In order to work with a Spark cluster we need a `SparkContext` object, which represents the connection to that cluster and allows to configure execution-related parameters (e.g. number of cores, memory). When running this notebook from [SWAN](https://swan.cern.ch), a `SparkContext` object is already created for us when connecting to the selected cluster via the graphical interface. Alternatively, we could create a `SparkContext` as described in the [Spark documentation](https://spark.apache.org/docs/latest/api/python/reference/api/pyspark.SparkContext.html).

In [None]:
import pyspark
sc = pyspark.SparkContext.getOrCreate()

## Create a ROOT dataframe

We now create an RDataFrame based on the same dataset seen in the exercise [rdataframe-dimuon](exercises/rdataframe-dimuon.ipynb).

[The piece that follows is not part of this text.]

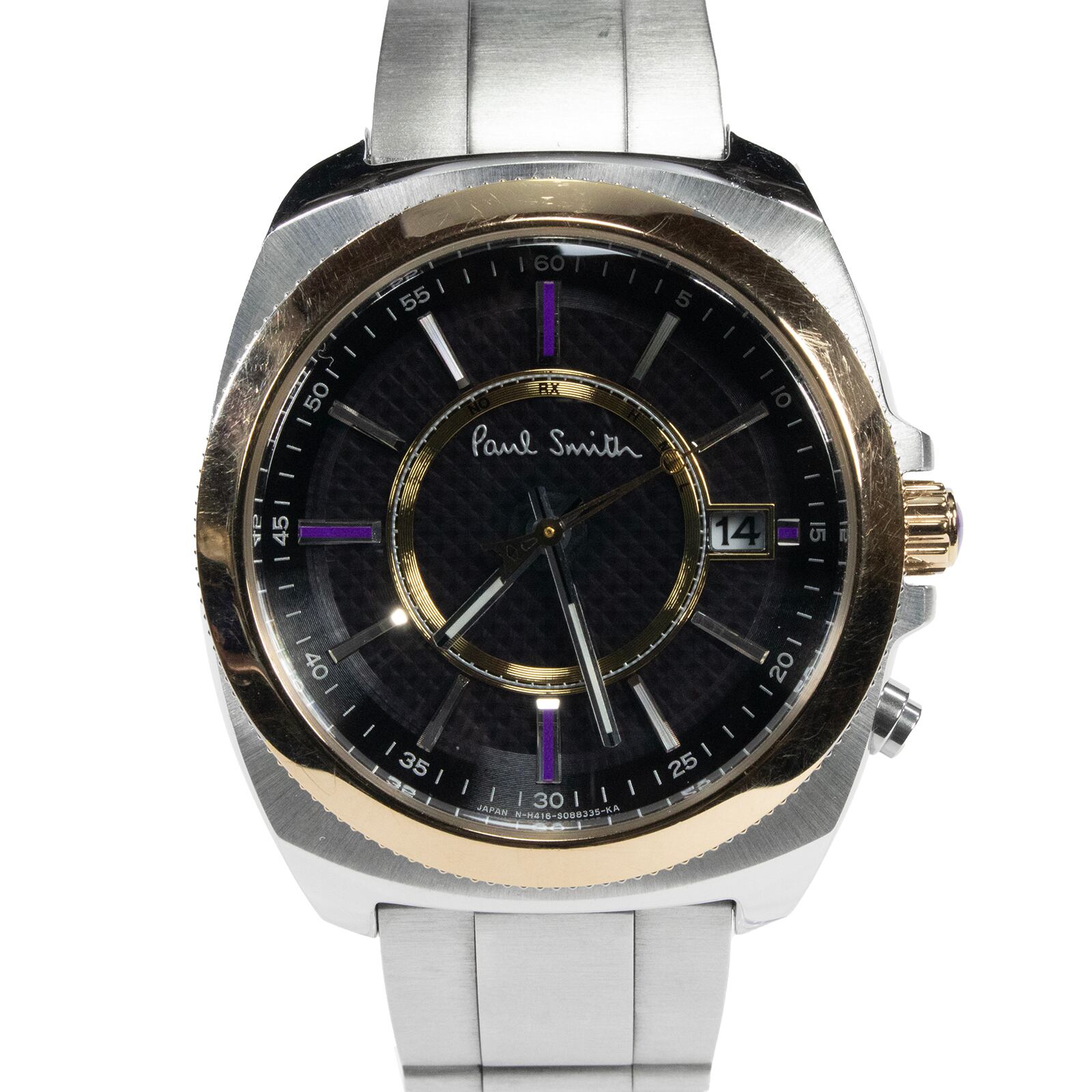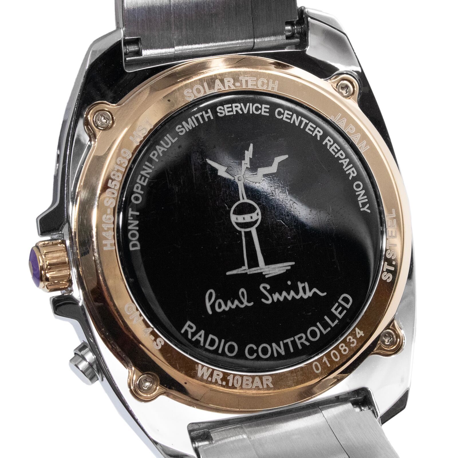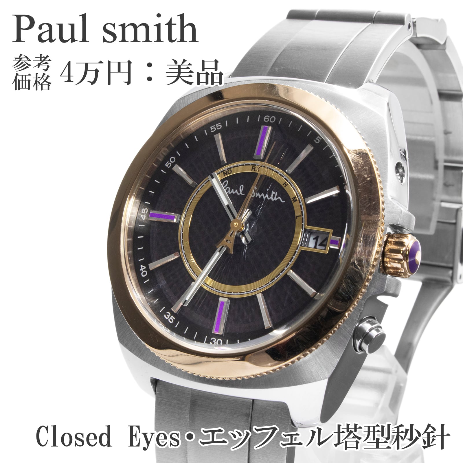 送料無料 ポールスミス 腕時計 メンズ ボーイズ ソーラー Closed Eyes パープル ゴールド エッフェル塔秒針 ロゴ マーク レア 綺麗 Q040

A Spark `RDataFrame` receives two extra parameters: the number of partitions to apply to the dataset (`npartitions`) and the `SparkContext` object (`sparkcontext`). Besides that detail, a Spark `RDataFrame` is not different from a local `RDataFrame`: the analysis presented in this notebook would not change if we wanted to execute it locally.

In [None]:
# Use a Spark RDataFrame
RDataFrame = ROOT.RDF.Experimental.Distributed.Spark.RDataFrame

df = RDataFrame("h42",
                "https://root.cern/files/h1big.root",
                npartitions=4,
                sparkcontext=sc)

## Run your analysis unchanged

From now on, the rest of your application can be written **exactly** as we have seen with local RDataFrame. The goal of the distributed RDataFrame module is to support all the traditional RDataFrame operations (those that make sense in a distributed context at least). Currently only a subset of those is available and can be found in the corresponding [section of the documentation](https://root.cern/doc/master/classROOT_1_1RDataFrame.html#distrdf)

In [None]:
%%time
df1 = df.Filter("nevent > 1")
df2 = df1.Define("mpt","sqrt(xpt*xpt + ypt*ypt)")
c = df.Count()
m = df2.Mean("mpt")
print(f"Number of events after processing: {c.GetValue()}")
print(f"Mean of column 'mpt': {m.GetValue()}")